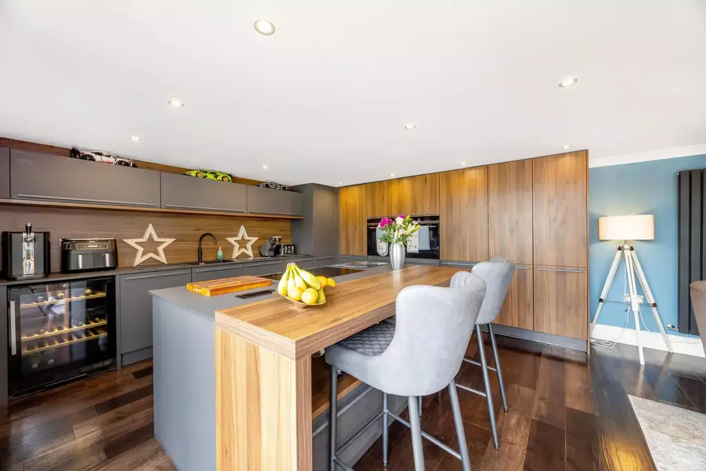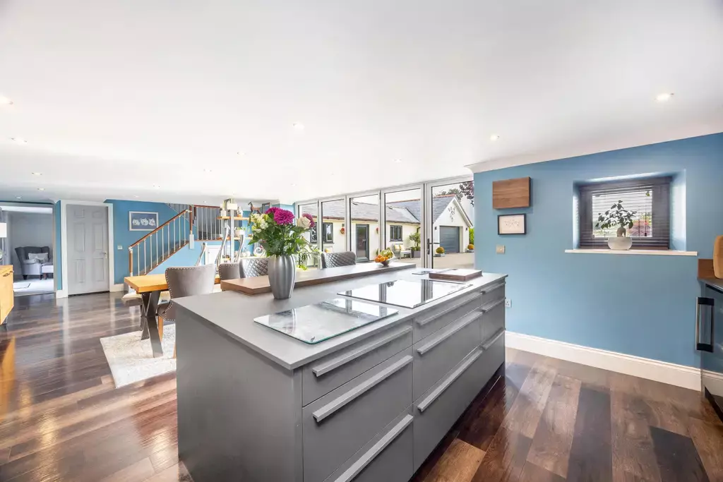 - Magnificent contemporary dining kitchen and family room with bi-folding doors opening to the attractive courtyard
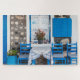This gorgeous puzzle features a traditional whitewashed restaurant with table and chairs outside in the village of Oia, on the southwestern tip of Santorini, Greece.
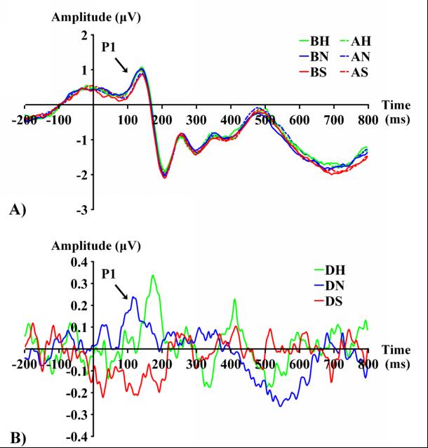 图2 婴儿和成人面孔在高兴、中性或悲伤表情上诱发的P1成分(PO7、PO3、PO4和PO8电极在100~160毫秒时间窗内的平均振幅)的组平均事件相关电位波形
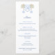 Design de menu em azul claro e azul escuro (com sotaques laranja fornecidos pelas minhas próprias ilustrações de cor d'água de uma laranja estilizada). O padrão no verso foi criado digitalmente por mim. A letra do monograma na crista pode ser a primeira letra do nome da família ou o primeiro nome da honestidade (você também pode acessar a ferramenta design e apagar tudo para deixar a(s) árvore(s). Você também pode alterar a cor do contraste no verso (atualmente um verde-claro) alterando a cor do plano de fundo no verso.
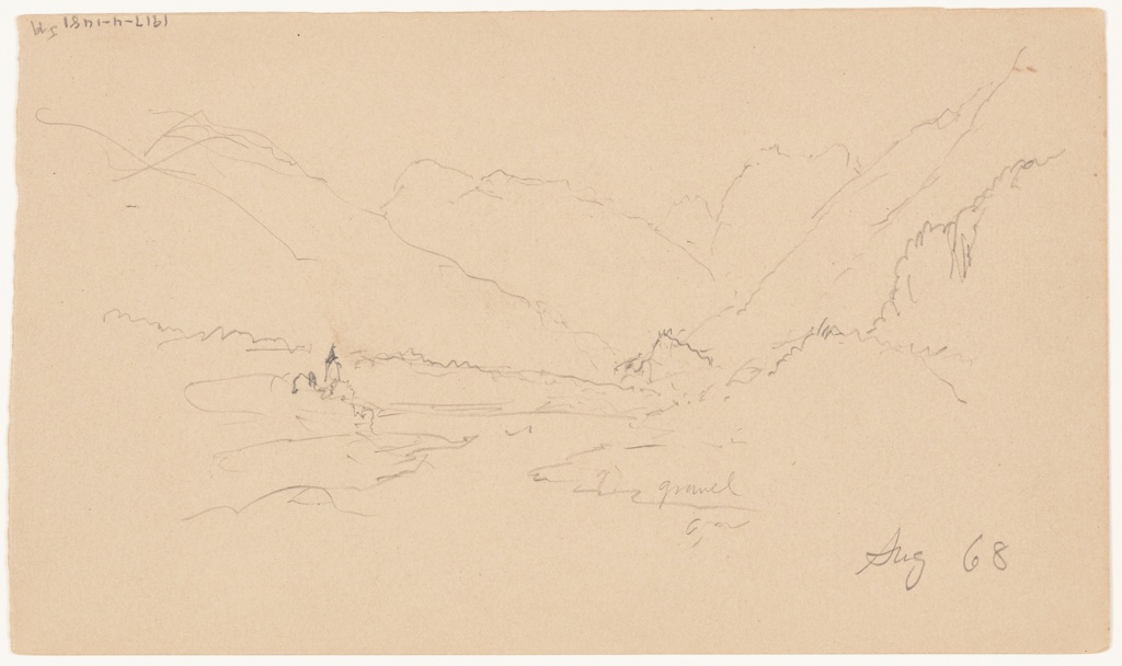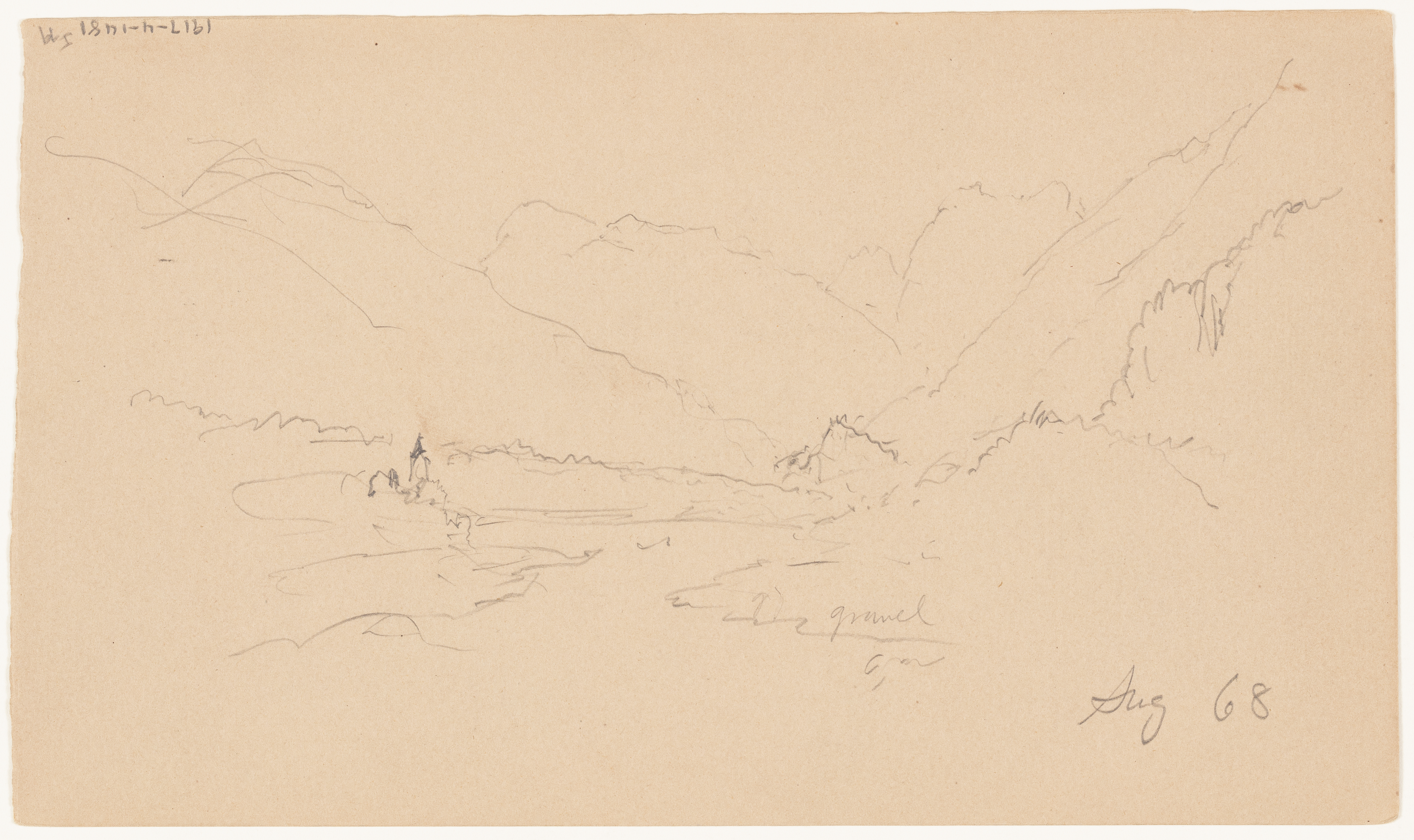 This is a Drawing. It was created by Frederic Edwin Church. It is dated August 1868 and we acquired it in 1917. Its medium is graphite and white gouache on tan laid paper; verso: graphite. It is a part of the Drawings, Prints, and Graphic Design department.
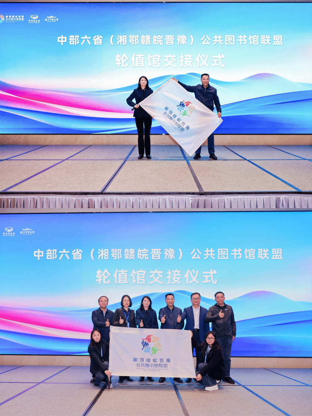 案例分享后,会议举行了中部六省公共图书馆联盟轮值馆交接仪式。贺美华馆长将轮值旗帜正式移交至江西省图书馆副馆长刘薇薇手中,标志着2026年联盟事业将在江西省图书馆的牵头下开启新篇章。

* * *

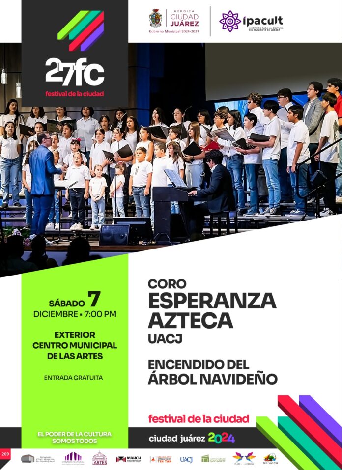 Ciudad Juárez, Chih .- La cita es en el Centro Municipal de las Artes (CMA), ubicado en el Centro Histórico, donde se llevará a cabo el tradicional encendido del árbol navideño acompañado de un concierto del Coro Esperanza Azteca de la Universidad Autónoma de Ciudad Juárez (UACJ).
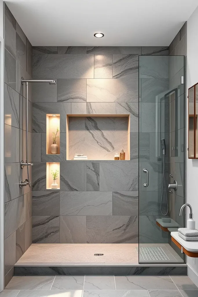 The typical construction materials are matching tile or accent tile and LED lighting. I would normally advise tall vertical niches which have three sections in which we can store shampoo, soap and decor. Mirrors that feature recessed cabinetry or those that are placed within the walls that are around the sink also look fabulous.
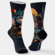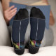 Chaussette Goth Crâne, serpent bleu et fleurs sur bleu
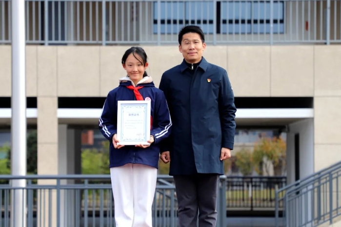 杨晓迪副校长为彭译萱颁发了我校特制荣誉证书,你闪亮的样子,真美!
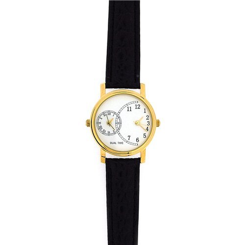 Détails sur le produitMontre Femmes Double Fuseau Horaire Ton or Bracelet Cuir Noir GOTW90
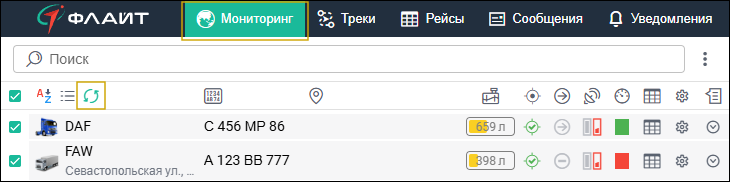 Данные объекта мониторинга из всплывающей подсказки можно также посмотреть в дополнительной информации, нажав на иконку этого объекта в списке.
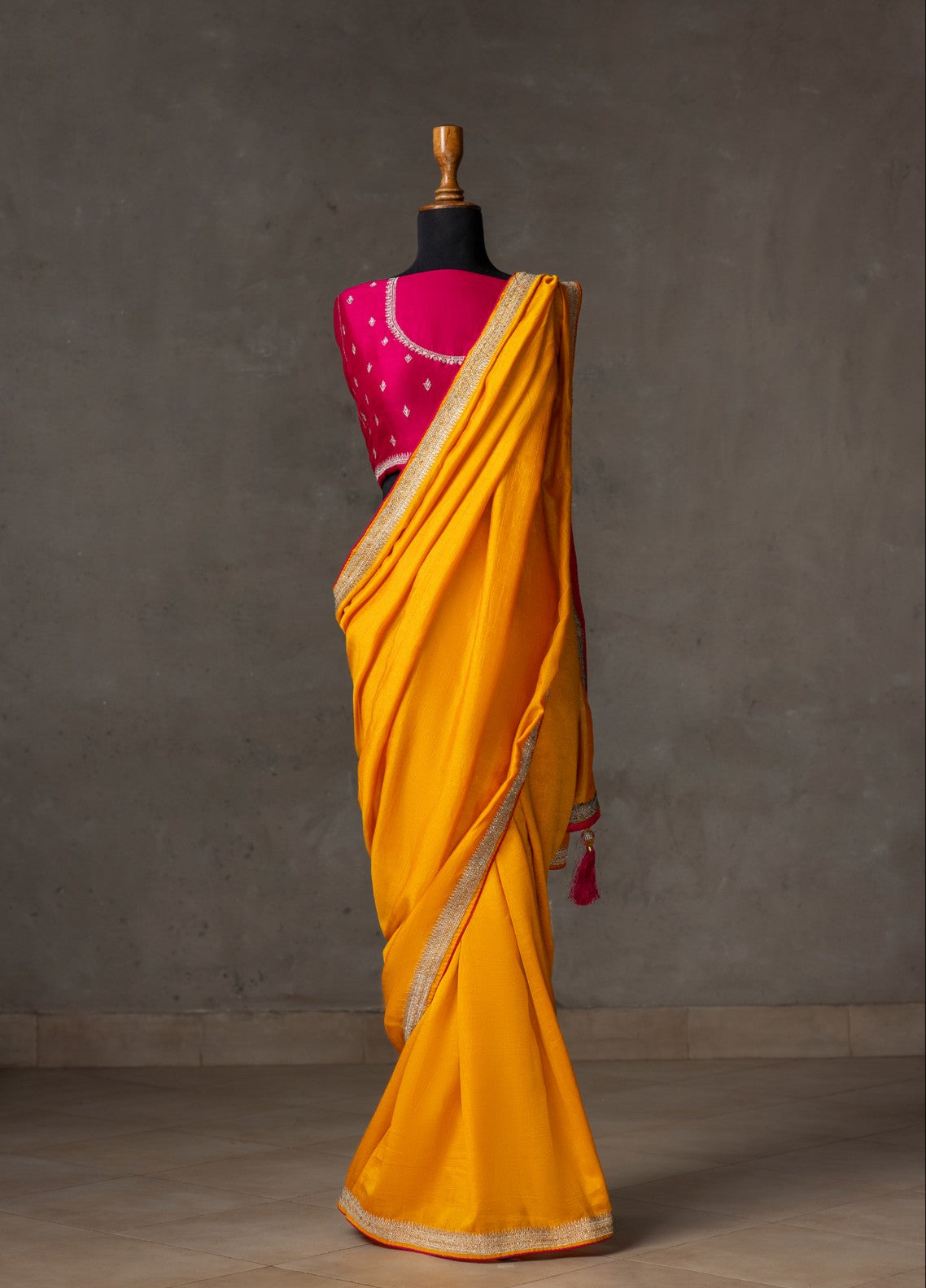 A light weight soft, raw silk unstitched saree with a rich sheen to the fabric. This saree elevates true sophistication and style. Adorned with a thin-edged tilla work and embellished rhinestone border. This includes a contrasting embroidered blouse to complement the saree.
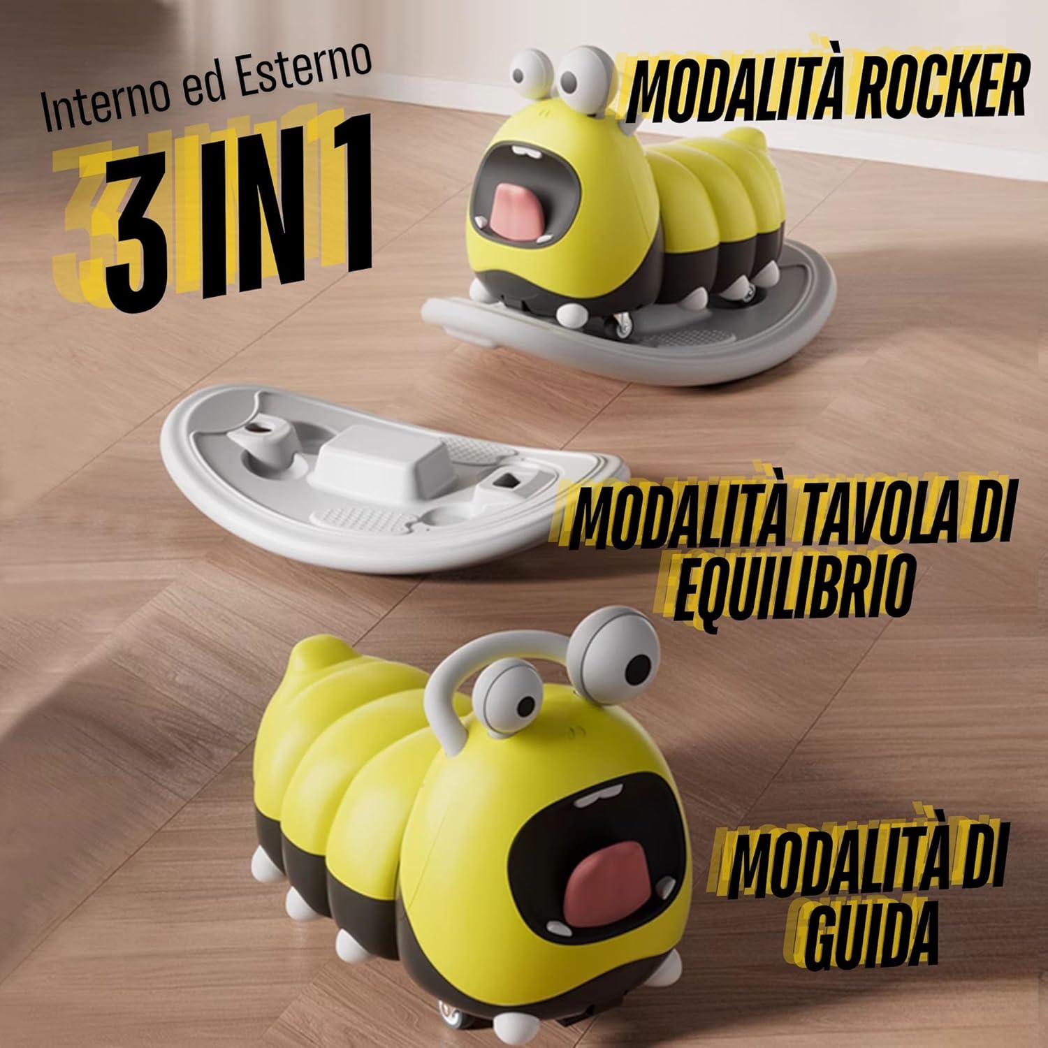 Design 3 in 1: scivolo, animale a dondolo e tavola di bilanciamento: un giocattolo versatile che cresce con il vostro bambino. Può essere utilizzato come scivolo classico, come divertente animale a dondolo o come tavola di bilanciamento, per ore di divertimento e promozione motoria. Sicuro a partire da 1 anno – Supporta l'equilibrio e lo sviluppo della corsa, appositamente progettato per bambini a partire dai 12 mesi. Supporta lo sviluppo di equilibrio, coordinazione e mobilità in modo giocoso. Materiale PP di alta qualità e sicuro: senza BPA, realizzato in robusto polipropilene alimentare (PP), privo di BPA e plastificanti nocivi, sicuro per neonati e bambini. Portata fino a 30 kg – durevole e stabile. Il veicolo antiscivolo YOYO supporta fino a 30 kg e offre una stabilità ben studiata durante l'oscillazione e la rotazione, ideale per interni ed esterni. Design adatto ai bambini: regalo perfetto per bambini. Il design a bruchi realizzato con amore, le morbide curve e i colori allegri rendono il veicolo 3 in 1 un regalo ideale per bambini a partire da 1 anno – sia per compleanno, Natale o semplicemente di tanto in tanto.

TASK DESCRIPTION
Write out, word for word, the stretch of entries that begins at the line with "- Magnificent contemporary" and ends at the line with "案例分享后,会议举行了中部六". Pictures do not belong in it.

SOLUTION
 - Magnificent contemporary dining kitchen and family room with bi-folding doors opening to the attractive courtyard
This gorgeous puzzle features a traditional whitewashed restaurant with table and chairs outside in the village of Oia, on the southwestern tip of Santorini, Greece.
 图2 婴儿和成人面孔在高兴、中性或悲伤表情上诱发的P1成分(PO7、PO3、PO4和PO8电极在100~160毫秒时间窗内的平均振幅)的组平均事件相关电位波形
 Design de menu em azul claro e azul escuro (com sotaques laranja fornecidos pelas minhas próprias ilustrações de cor d'água de uma laranja estilizada). O padrão no verso foi criado digitalmente por mim. A letra do monograma na crista pode ser a primeira letra do nome da família ou o primeiro nome da honestidade (você também pode acessar a ferramenta design e apagar tudo para deixar a(s) árvore(s). Você também pode alterar a cor do contraste no verso (atualmente um verde-claro) alterando a cor do plano de fundo no verso.
 This is a Drawing. It was created by Frederic Edwin Church. It is dated August 1868 and we acquired it in 1917. Its medium is graphite and white gouache on tan laid paper; verso: graphite. It is a part of the Drawings, Prints, and Graphic Design department.
 案例分享后,会议举行了中部六省公共图书馆联盟轮值馆交接仪式。贺美华馆长将轮值旗帜正式移交至江西省图书馆副馆长刘薇薇手中,标志着2026年联盟事业将在江西省图书馆的牵头下开启新篇章。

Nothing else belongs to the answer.